Ей не осталось ничего другого, как заняться приготовлением лепешек со сметаной и джемом, одновременно прислушиваясь, не раздастся ли на подъездной дорожке звук машины Синклера.
Кэтрин задремала в стоящем в тени кресле, Вики записывала в телефон сообщение, когда наконец послышалось знакомое урчание мотора. Сердце Энни пустилось вскачь. Она поспешила на кухню, чтобы не видеть, как Синклер поцелует в щеку Вики.

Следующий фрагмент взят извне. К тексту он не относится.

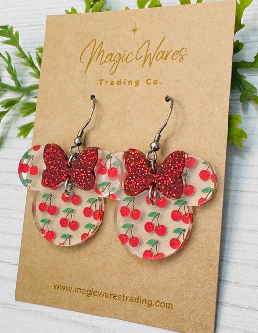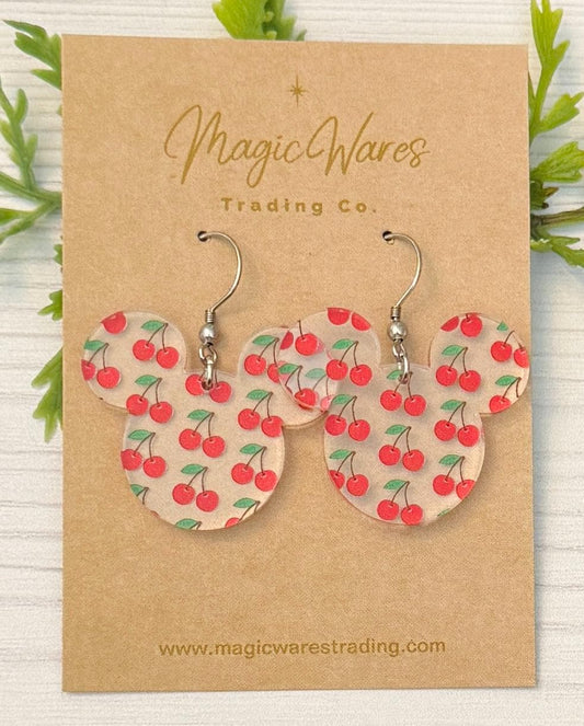 Cherries Mouse Dangle Earrings, Bright Cherry Printed Pattern Acrylic, Lightweight dangle earrings, Magical Earrings, Summer Earrings
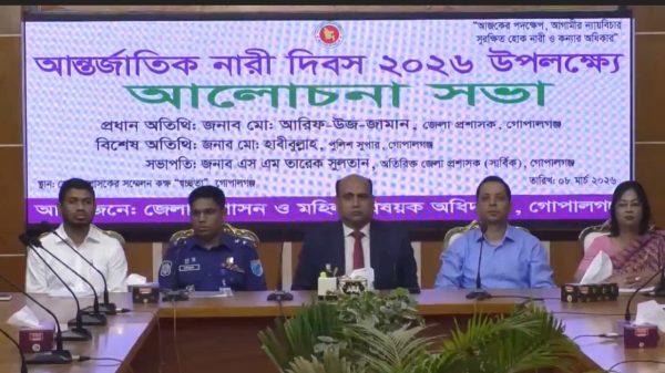 আন্তর্জাতিক নারী দিবস পালন উপলক্ষ্যে গোপালগঞ্জে আলোচনা সভা অনুষ্ঠিত হয়েছে।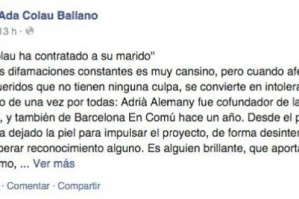 "Ha sacado tiempo de debajo las piedras para ayudar a que ganáramos las elecciones", ha explicado Colau, y ha afirmado que, tras la victoria electoral, BComú ha aumentado sus responsabilidades y tareas, por lo que la coordinadora de la organización, un cargo que no ostenta la alcaldesa, ha decidido ofrecer a Alemany un trabajo remunerado.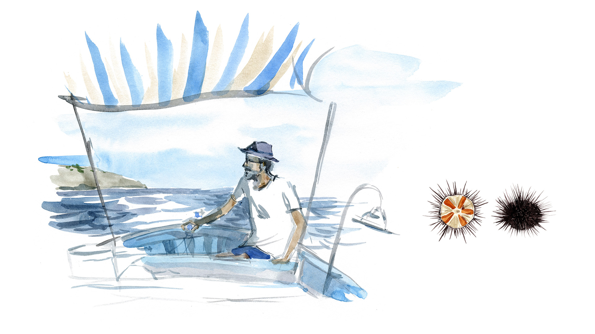 L’eau est calme et limpide ce matin, le ciel bleu azur… Giuseppe nous attend au port avec sa barque traditionnelle de pêcheur… La journée sera chaude, il va faire bon être en mer ! Seuls au monde, bercés par le ronronnement du moteur, l’horizon est notre seule limite… Alterner les baignades entre mer turquoise et grotte d’eau douce, déguster quelques oursins aussitôt pêchés… Les accompagner d’un verre de vin blanc…Et somnoler les yeux mi-clos.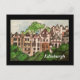 Attraktive, farbenfrohe Aquarellmalerei (auf einer Postkarte) des Ramsay Garden - die ikonischen Häuser neben dem Schloss Edinburgh. Es hat einen schwarzen Rand.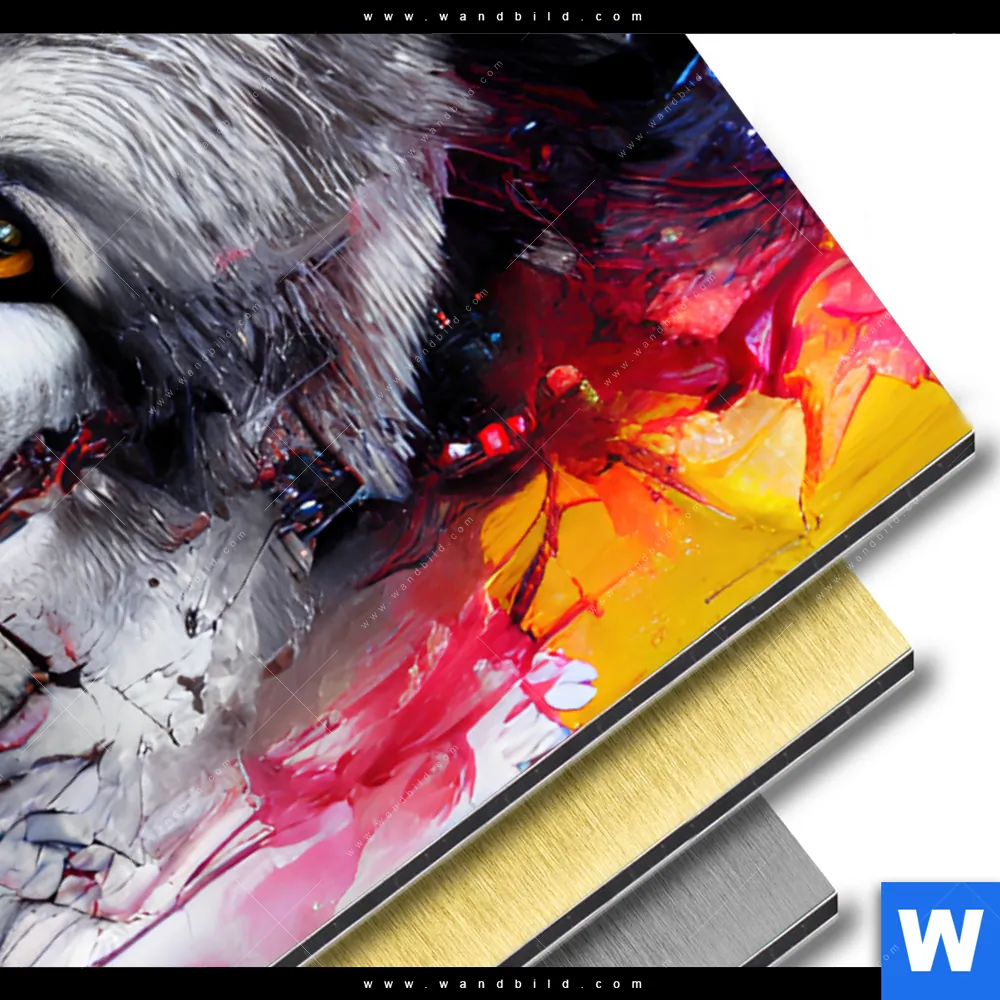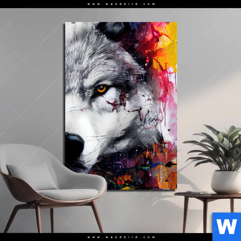 Alu-Dibond Bild | Wolf mit bunten Farbspritzern | Hochformat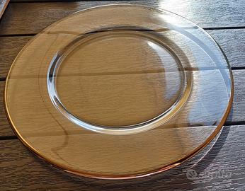 N.6 sottopiatti diametro 30 cm in vetro trasparente con bordo argento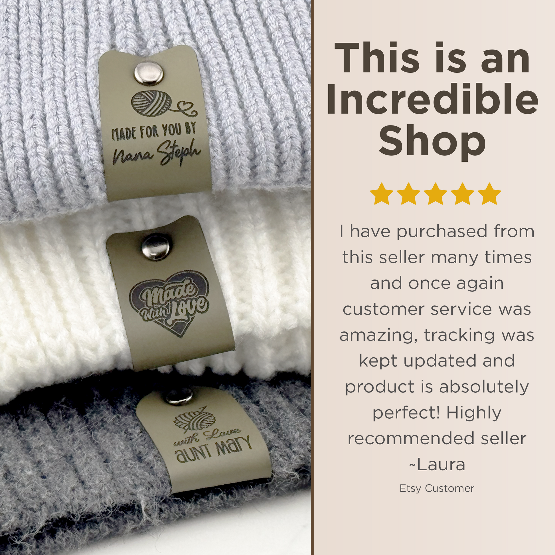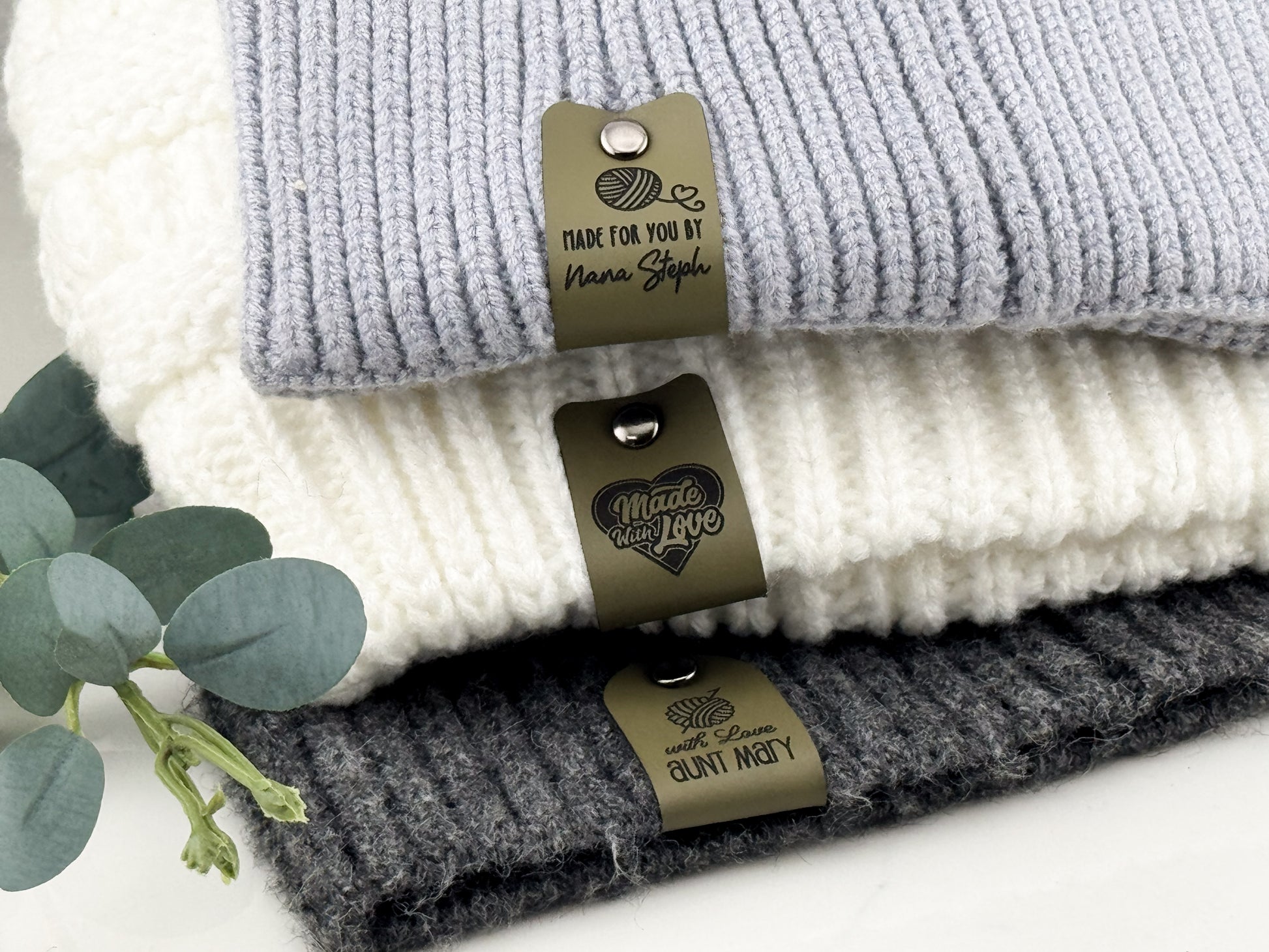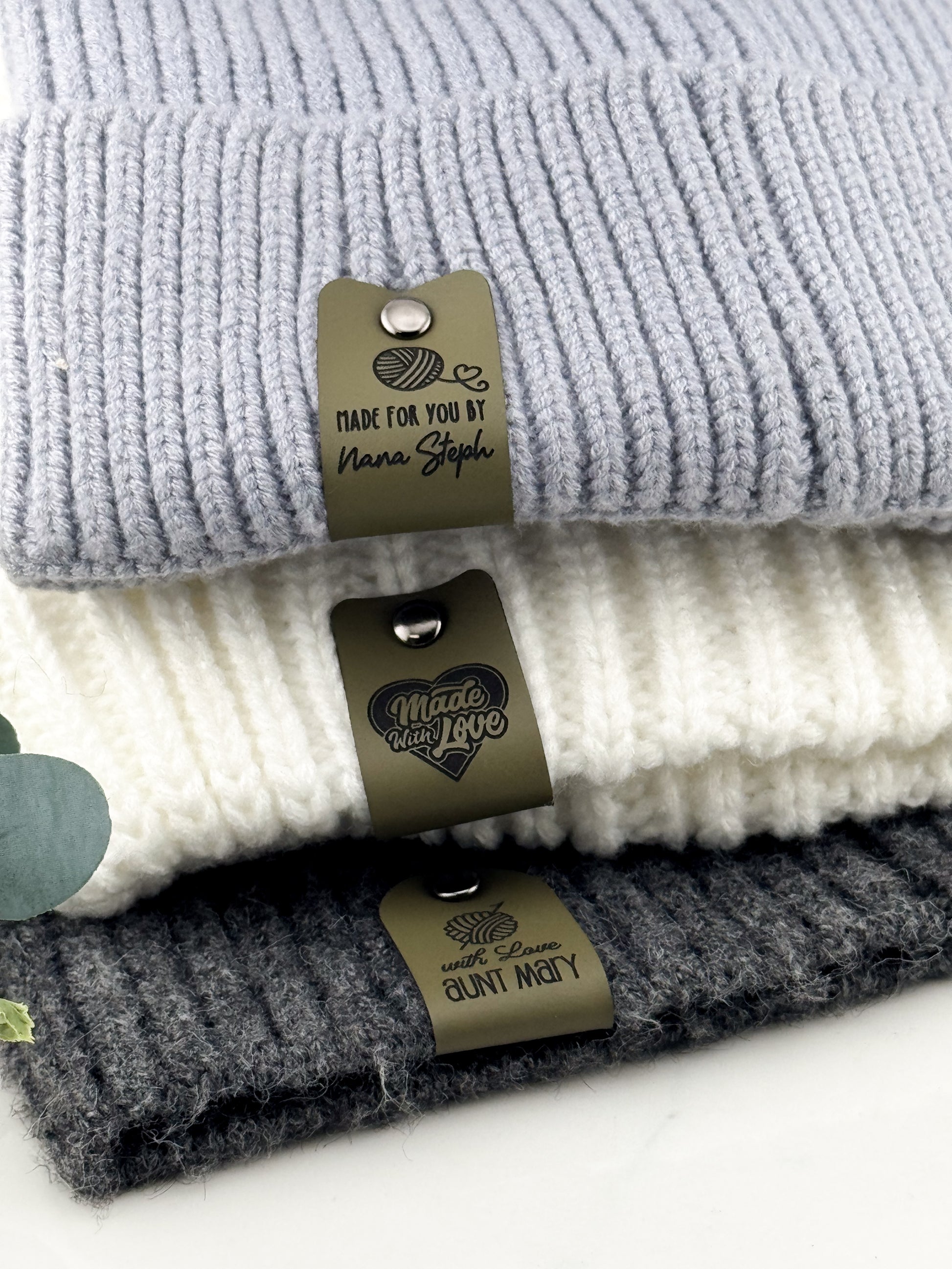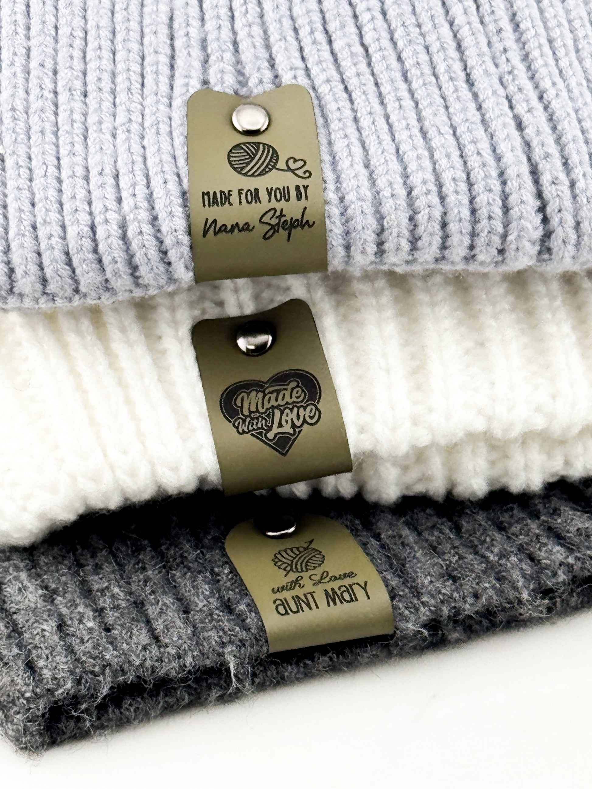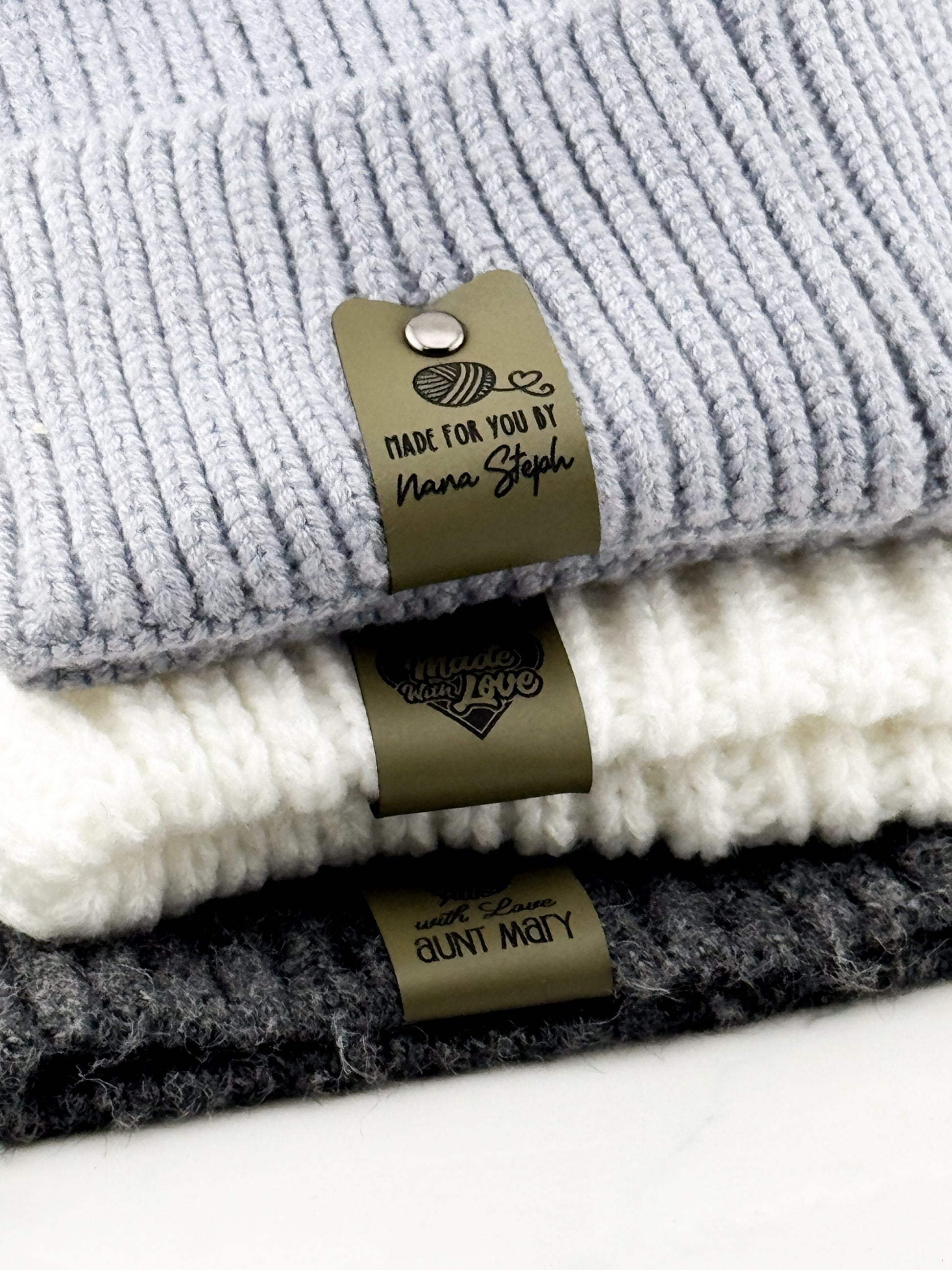 ✨ Designed for comfort and durability, each tag is crafted from buttery-soft faux leather with a cozy felt backing—gentle on yarn, tough enough for repeated washes.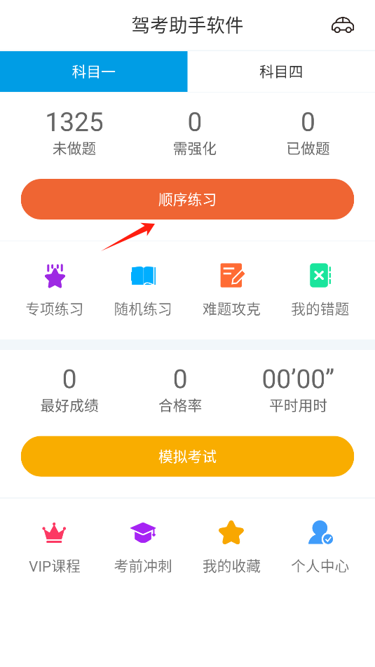3、完成答题模式后,就可以尝试进入考试模式的练习拉。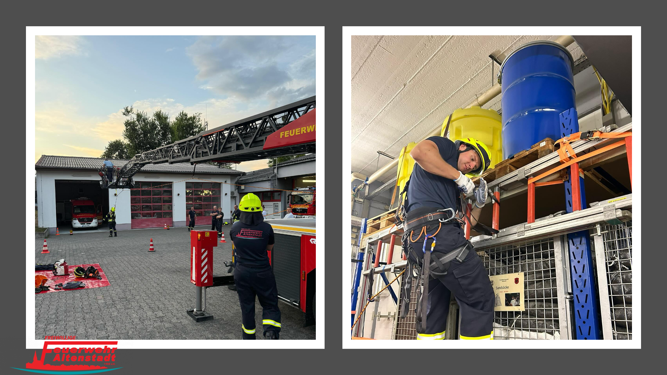 “. Hier konnten die Kamerad an drei Stationen das vorher Theoretisch besprochene in die Tat umsetzen. Hier galt es verschiedene Szenarien im Bezug auf Halten/Rückhalten,Aufangen und das TopRope Verfahren mit der Drehleiter durchzuführen.
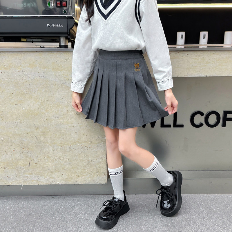 女童洋气半身裙春秋款2026新款韩版中大童学院风百褶短裙女孩裙子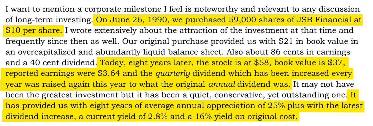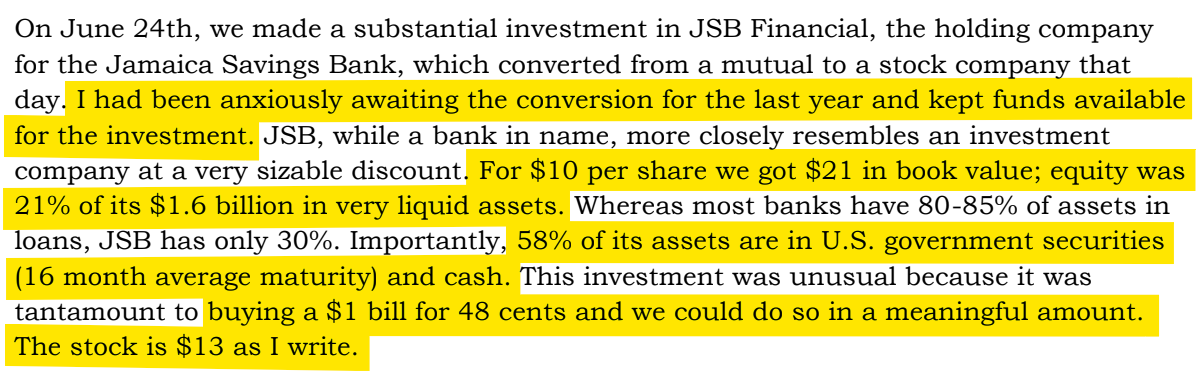 That little bank in Queens was called Jamaica Savings Bank. And JSB ended up being a killer investment.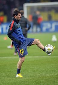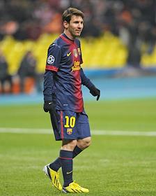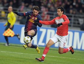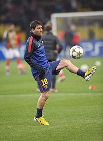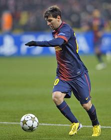 Лига чемпионов УЕФА 2012/13. Нападающий ФК "Барселона" Лионель Месси во время матча между командами…

Шаги на лестнице сказали, что он пошел к себе в комнату. Энни с облегчением вздохнула. И в то же время с разочарованием. Он явно не горел желанием ее увидеть. Она, конечно, могла и сама подняться под предлогом поменять полотенца или собрать для стирки постельное белье. Обычно в конце недели она всегда так делала.
Но теперь уже ничего не будет как всегда.
Раздались другие, более легкие, шаги — это Вики тоже отправилась наверх. Возможно, она обнимет Синклера за шею и будет просить его рассказать о своей прогулке по морю.
Энни отругала себя за такие мысли. Разве Синклер был ее собственностью? Она сама устроила эту пытку, она не должна была позволять ему целовать себя. Ах, если бы только можно было повернуть стрелки часов обратно к тому моменту, когда встретились их губы!
— Он один из самых проницательных современных портретистов, но если ты уверен… — донесся с лестницы голос Вики. — Кэтрин, Син не хочет идти с нами. Так что нам придется идти вдвоем.
— Я уже устала твердить ему, что следует больше внимания уделять искусству, но он меня не слушает. А… в какое время у них там открытие?
Энни прислушалась к разговору: они собирались пойти в город на открытие выставки.
Она приготовила обед, пока Кэтрин и Вики собирались. Кэтрин была, как всегда, безупречна: золотистые волосы аккуратно обрамляли узкое лицо, элегантный брючный костюм подчеркивал стройность фигуры.
Вики походила на богиню, только что вставшую с постели, — создание подобного эффекта требовало немалых усилий. Тонкая ткань платья облегала ее стройные бедра, открывая длинные ноги в остроносых полусапожках.
Энни не стала делать никаких сравнений. Зачем ей соревноваться с этими женщинами? Она не играла с ними на одном поле, да никто от нее этого не ожидал. Но… тогда почему ее привычная «униформа» вдруг показалась такой нелепой и скучной?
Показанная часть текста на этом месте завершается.